Beta 2-glycoprotein I (β2GPI/Apolipoprotein H) is an abundant plasma protein that is produced by the liver7. It is composed of five domains (DI-V) and has a molecular weight of approximately 50 kDa7. Domains I to IV each have two disulfide bridges, whereas domain V has three, including a disulfide bridge that incorporates the C-terminal cysteine7. Domain V also contains a positively charged lysine rich region, as well as a hydrophobic flexible loop segment and both these regions are required for binding of β2GPI to negatively charged macromolecules7.
The domain V disulfide bond is susceptible to cleavage by the oxidoreductases thioredoxin I (TRX-1) and protein disulfide isomerase (PDI) leading to the generation of free thiols at Cysteine (Cys) 288 and Cys 3268,9. A large proportion of plasma β2GPI exists in the free thiol form10. The free thiol form has distinct properties to the oxidized form, the former protecting endothelial cells against hydrogen peroxide mediated cell death11. The implications being that in-vitro studies that look to delineate the biological function of β2GPI have limited in-vivo relevance if they only study the oxidized form and do not take the predominant in-vivo free thiol form into consideration.
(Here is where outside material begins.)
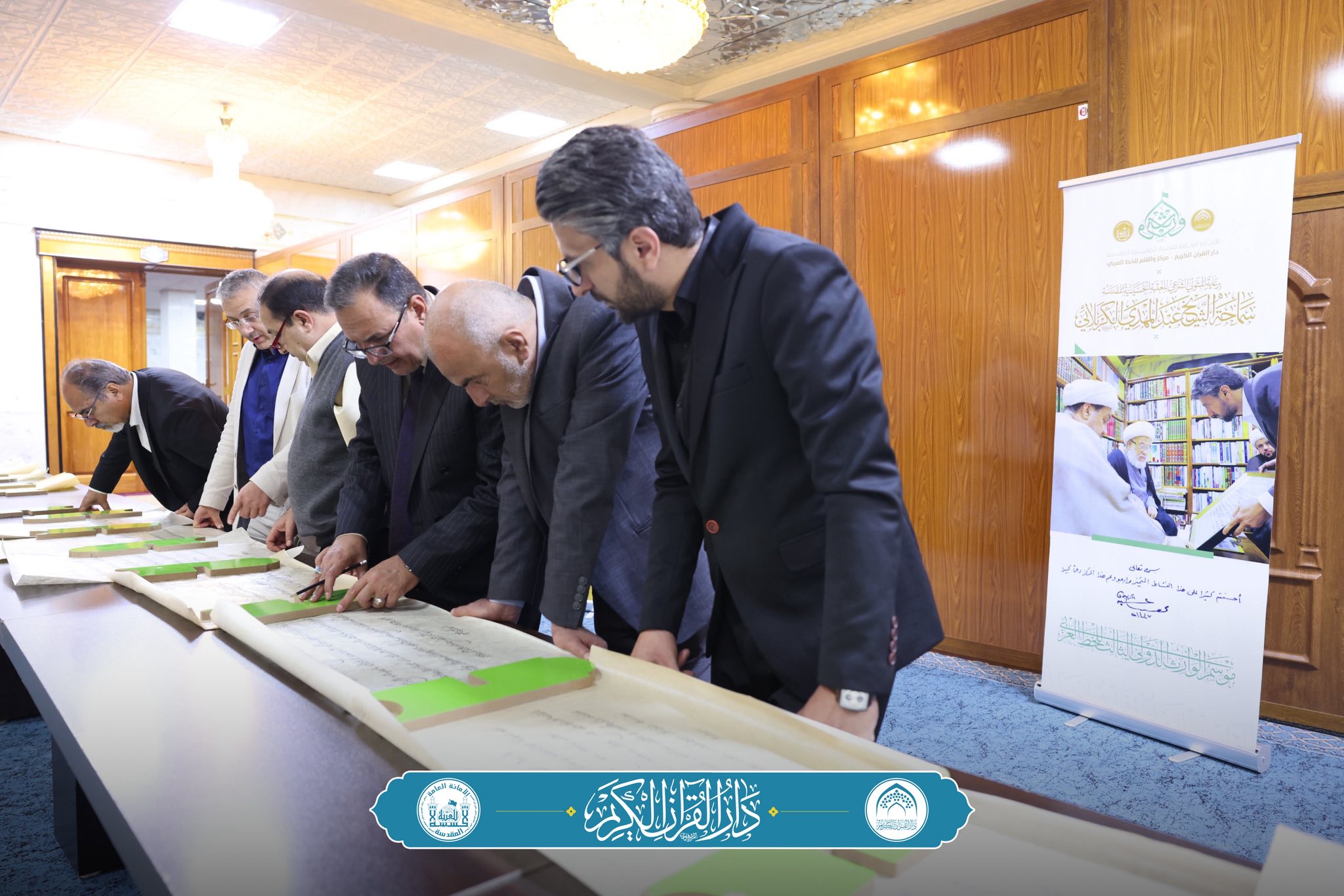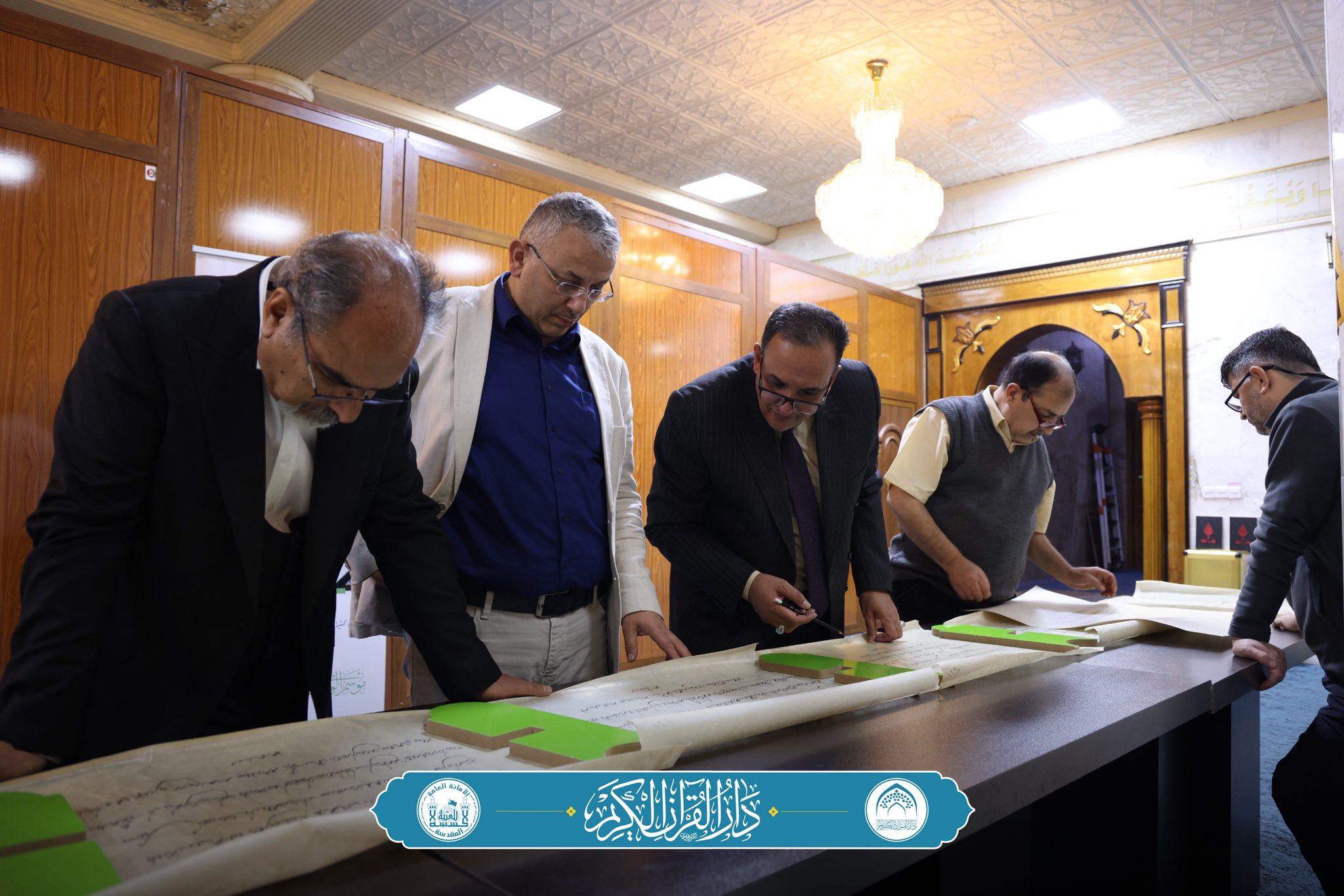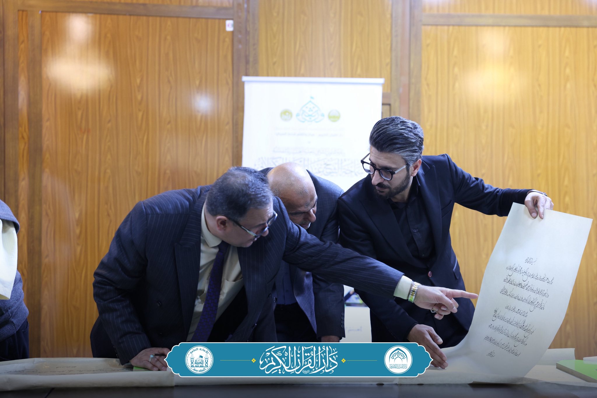 تُتابع لجان الخطاطين أعمالَ التحكيم في فترتها المسائية ضمن المرحلة الثانية من مسابقة وارث الأنبياء الدولية الثالثة للخط العربي، وشرُفت الأعمال بحضور رئيس قسم دار القرآن الكريم، الشيخ الدكتور خير الدين علي الهادي، الذي تفقّد مجريات التحكيم واطّلع على آليات تقييم الأعمال التي يقيمها مركز والقلم للخط العربي التابع لقسم دار القرآن الكريم في العتبة الحسينية المقدسة.

A recent study has proposed that β2GPI may be able to attenuate the pro-inflammatory effects of LPS12. Using in-vitro techniques β2GPI bound to LPS, through domain V. The Kd range was between 62 nM and 23 nM depending on the LPS source12. Upon binding LPS, β2GPI undergoes a conformational change from a circular to an open form12. In-vitro β2GPI was able to attenuate LPS induced tissue factor activation and IL-6 release by human monocyte-like THP-1 cells and human umbilical vein endothelial cells12. This effect was negated with the use of receptor-associated protein (RAP), a potent inhibitor of endocytic receptors that belong to the low density lipoprotein (LDL) receptor gene family12. β2GPI has previously been shown to bind several members of the LDL receptor family, the most well studied being LDL receptor-related protein 8 (LRP-8), also known as apolipoprotein E receptor 2 (ApoER2)13. This receptor is expressed during differentiation of monocytes to macrophages14. These findings suggests that β2GPI may function as a scavenger protein for LPS, promoting its endocytosis by monocytes/macrophages through ApoER212. Furthermore the magnitude of fever and plasma inflammatory cytokine rise post LPS injection demonstrated an inverse relationship with serum levels of total β2GPI prior to LPS administration in male healthy human volunteers12.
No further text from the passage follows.